Problem description: Return each line of the data below verbatim; pictures are to be left out.

Information provided:
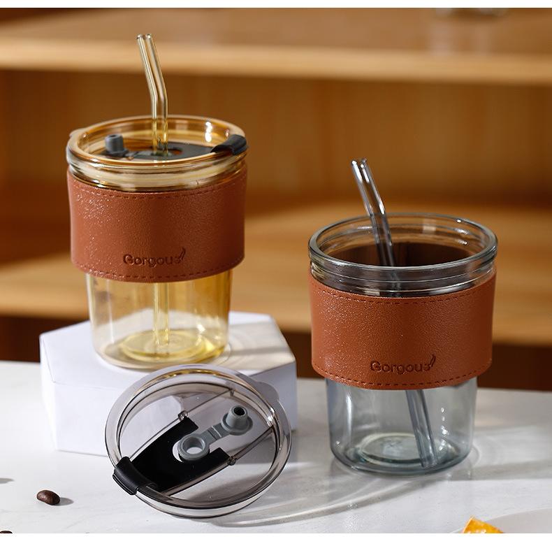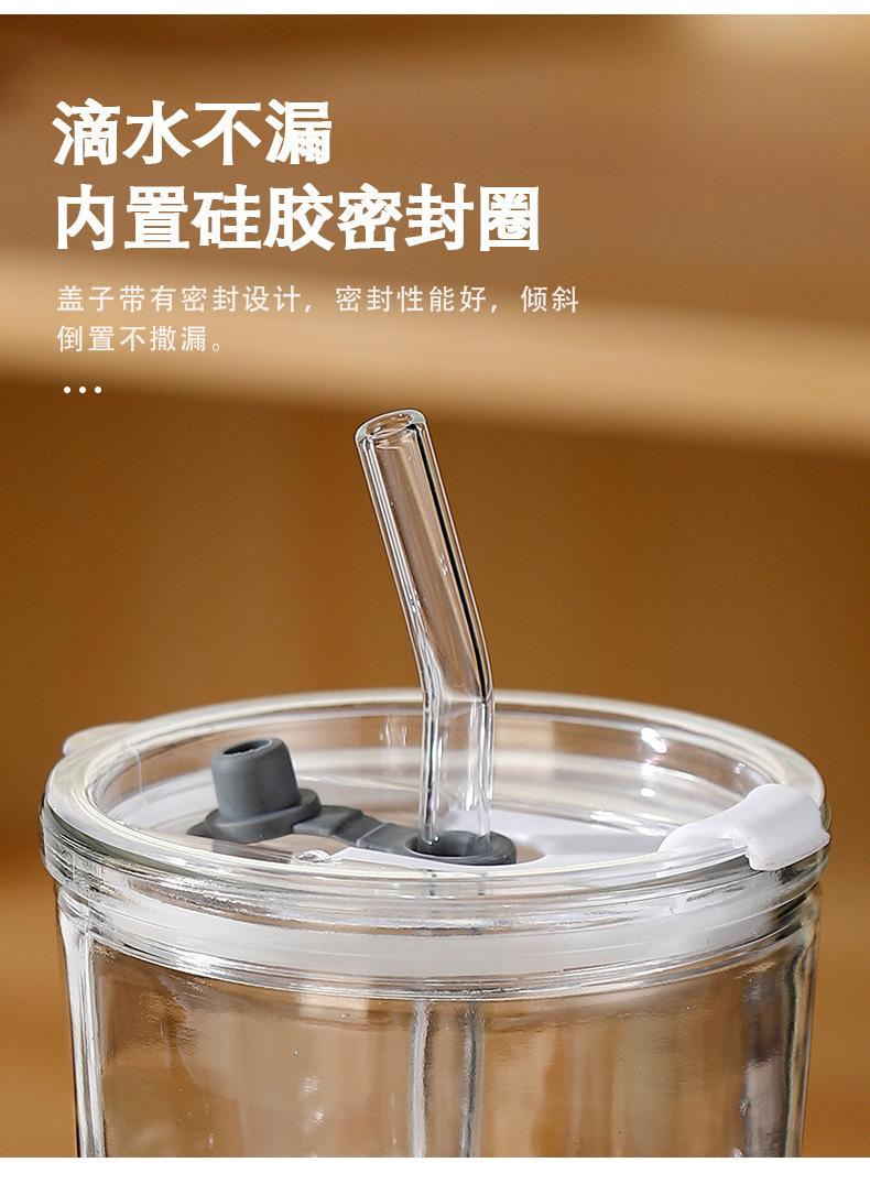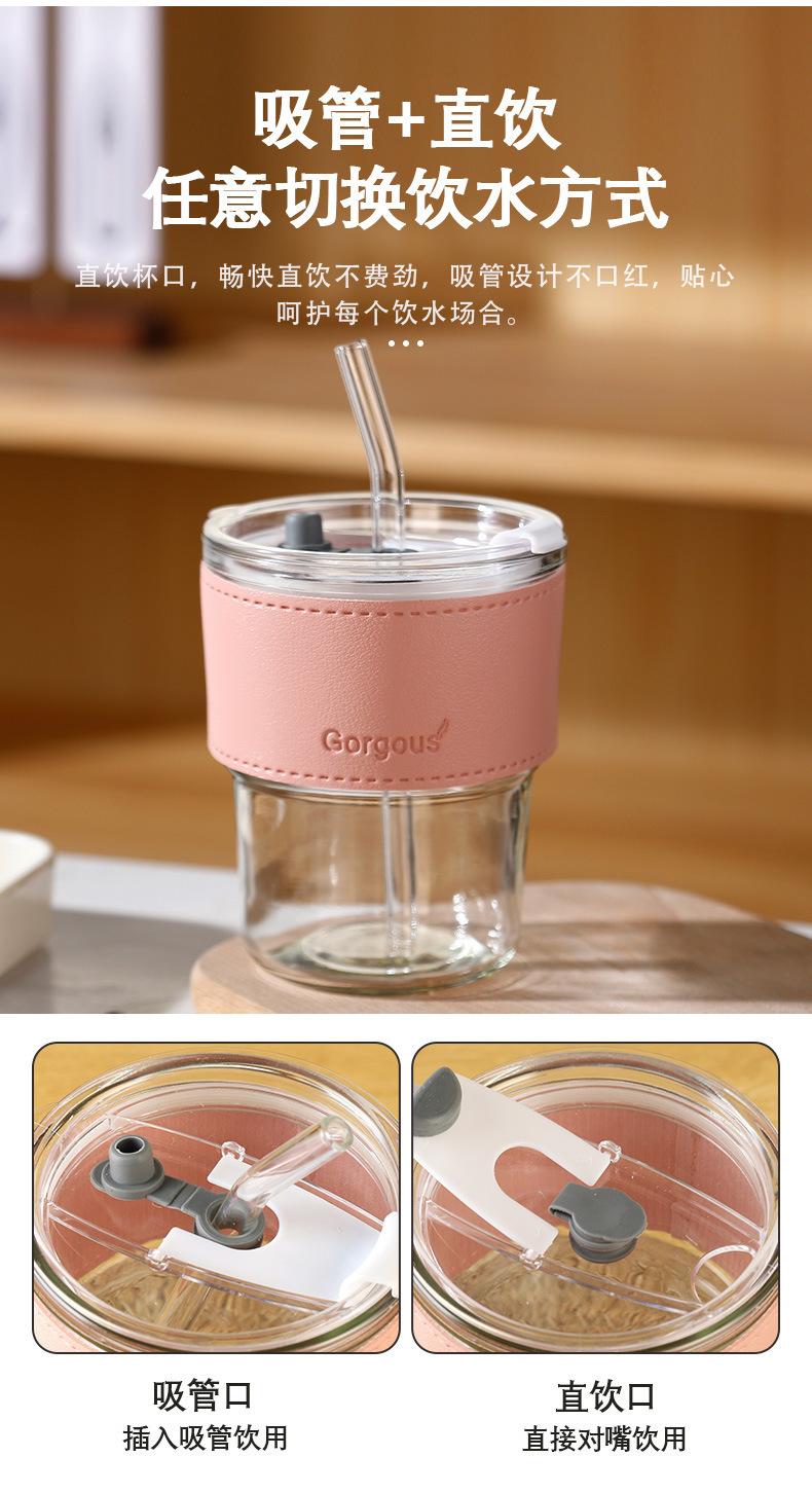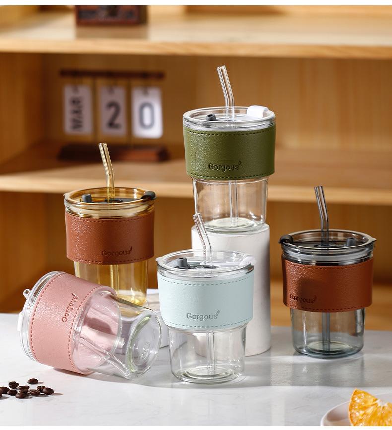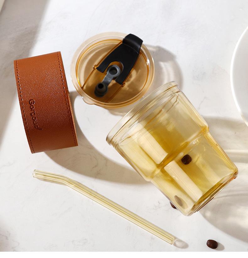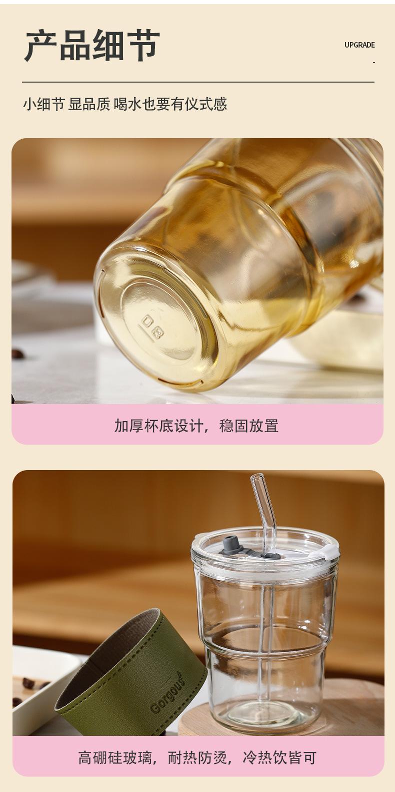 Copo de Vidro com Seção de Bambu Popular Resistente ao Calor Copo com Canudo para Café Estilo Ins Alto Valor Lembrança Presente Copo de Água Estampado
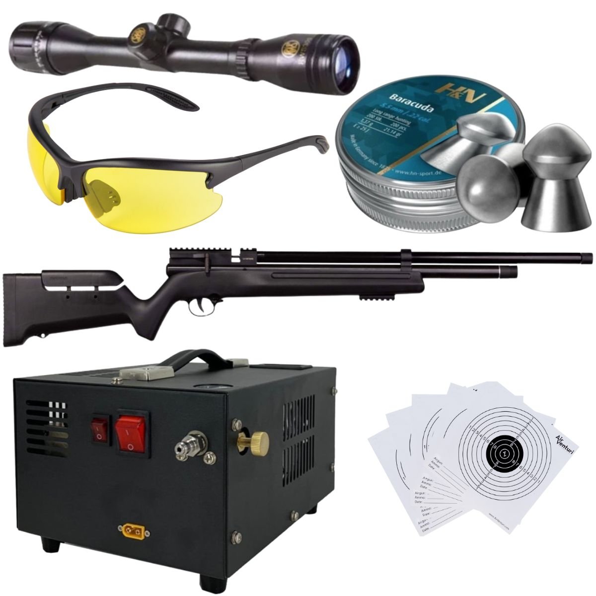 Rifle Barra Aire PCP .22 1100Z Compresor, Pellets, Mira, Lentes, Targets.
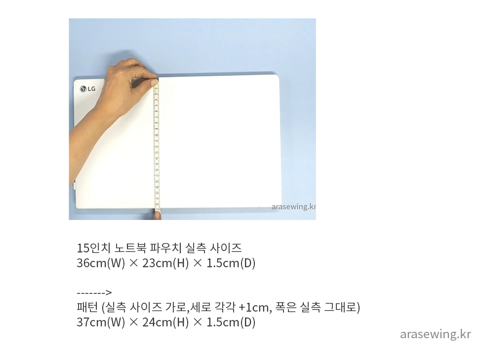 노트북 사이즈를 가로, 세로, 폭을 측정한다.
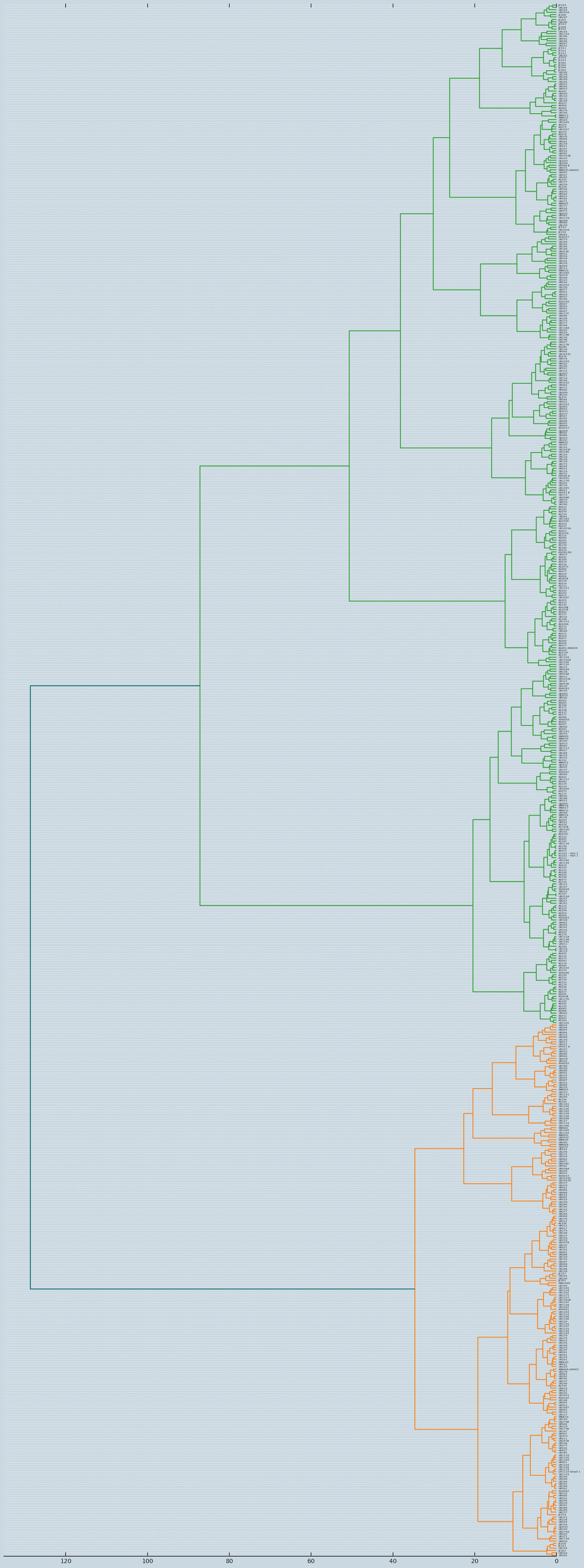 # Initialize plotlyplotly.offline.init_notebook_mode(connected =False);fig, ax = plt.subplots(figsize=(15, 40)) # set sizeax = dendrogram(Z, orientation="left", labels=khipu_names);plt.tick_params(\ axis='x', # changes apply to the x-axis which='both', # both major and minor ticks are affected bottom='off', # ticks along the bottom edge are off top='off', # ticks along the top edge are off labelbottom='off')plt.tight_layout() #show plot with tight layout#uncomment below to save figureplt.savefig('./images/khipu_clusters.png', dpi=200) #save figure as ward_clusters# Clustered sorted_by_similarity = ax['ivl']#print(sorted_by_similarity)

The answer:
 Copo de Vidro com Seção de Bambu Popular Resistente ao Calor Copo com Canudo para Café Estilo Ins Alto Valor Lembrança Presente Copo de Água Estampado
 Rifle Barra Aire PCP .22 1100Z Compresor, Pellets, Mira, Lentes, Targets.
 노트북 사이즈를 가로, 세로, 폭을 측정한다.
 # Initialize plotlyplotly.offline.init_notebook_mode(connected =False);fig, ax = plt.subplots(figsize=(15, 40)) # set sizeax = dendrogram(Z, orientation="left", labels=khipu_names);plt.tick_params(\ axis='x', # changes apply to the x-axis which='both', # both major and minor ticks are affected bottom='off', # ticks along the bottom edge are off top='off', # ticks along the top edge are off labelbottom='off')plt.tight_layout() #show plot with tight layout#uncomment below to save figureplt.savefig('./images/khipu_clusters.png', dpi=200) #save figure as ward_clusters# Clustered sorted_by_similarity = ax['ivl']#print(sorted_by_similarity)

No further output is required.